BTC tumbled from roughly $65,800 in early June to under $60,000 by the time July began, grinding lower for most of the month rather than crashing in a single move.
Yet right in the middle of that slide, Standard Chartered did something unusual.
Instead of trimming its Bitcoin price prediction for a third time this year, the bank held its $100,000 year end target steady, and its lead analyst went as far as calling the crash a buying opportunity rather than a warning sign.
That contrast, a falling price on one side and a major bank that refuses to blink on the other, is really what this Bitcoin (BTC) price prediction for July 2026 comes down to.
Below, we break down exactly what Standard Chartered, Bernstein, and the ETF flow data are each saying right now, along with the price levels worth watching for the rest of the month.

Key Takeaways
  • Bitcoin trades near $59,000 as of July 1, 2026, after falling roughly 30 percent in the first half of the year.
  • Standard Chartered's Geoff Kendrick has held his $100,000 year end 2026 target steady even after BTC crashed below $60,000, calling the dip a buying opportunity.
  • Bernstein has stuck with a more bullish $150,000 target for 2026, a view the firm most recently reiterated on March 24, 2026.
  • Spot Bitcoin ETFs recorded $4.06 billion in net outflows in June 2026, the largest monthly redemption since the funds launched in January 2024.
  • That outflow streak was the third such cycle of 2026, following similar reversals in February and April, a pattern worth watching alongside any single price target.
  • Support has generally held near $58,000, while a recovery back above roughly $65,800 would signal the downtrend may be ending.

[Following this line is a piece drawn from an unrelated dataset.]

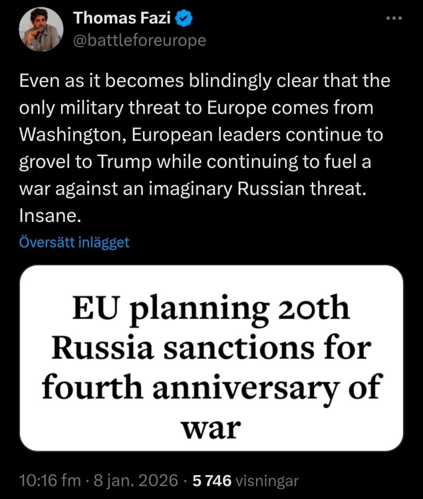 ”Även om det står helt klart att det enda militära hotet mot Europa kommer från Washington, fortsätter europeiska ledare att krypa inför Trump samtidigt som de underblåser ett krig mot det påhittade ryska hotet. Vansinne.”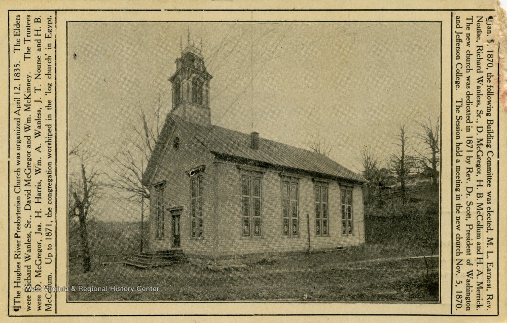 - Caption on postcard reads: "The Hughes River Presbyterian Church was organized April 12, 1835. The Elders were Richard Wanless, Sr., David McGregor, and Wm. McKinney. The Trustees were D. McGregor, Jas. H. Harris, Wm. A. Wanless, J.T. Nourse, and H.B. McCollum. Up to 1871, the congregation worshiped in the log church in Egypt. Jan. 5, 1970 the following Building Committee was elected, M.L. Earnest, Rev. Nourse, Richard Wanless, Sr., D. McGregor, H.B. McCollum, and H.A. Merrick. The new church was dedicated in 1871 by Rev. Dr. Scott, President of Washington and Jefferson College. The Session held a meeting in the new church Nov. 5, 1870." See original for correspondence. (From postcard collection legacy system.)

Bitcoin (BTC) Price Prediction July 2026: Standard Chartered Refuses to Back Down From $100K

One of the most closely watched Bitcoin price predictions heading into July comes from Standard Chartered's Geoff Kendrick, the bank's global head of digital asset research.
He is holding at a $100,000 year end target for BTC, even after the recent slide below $60,000, and he isn't hiding his reasoning behind vague optimism.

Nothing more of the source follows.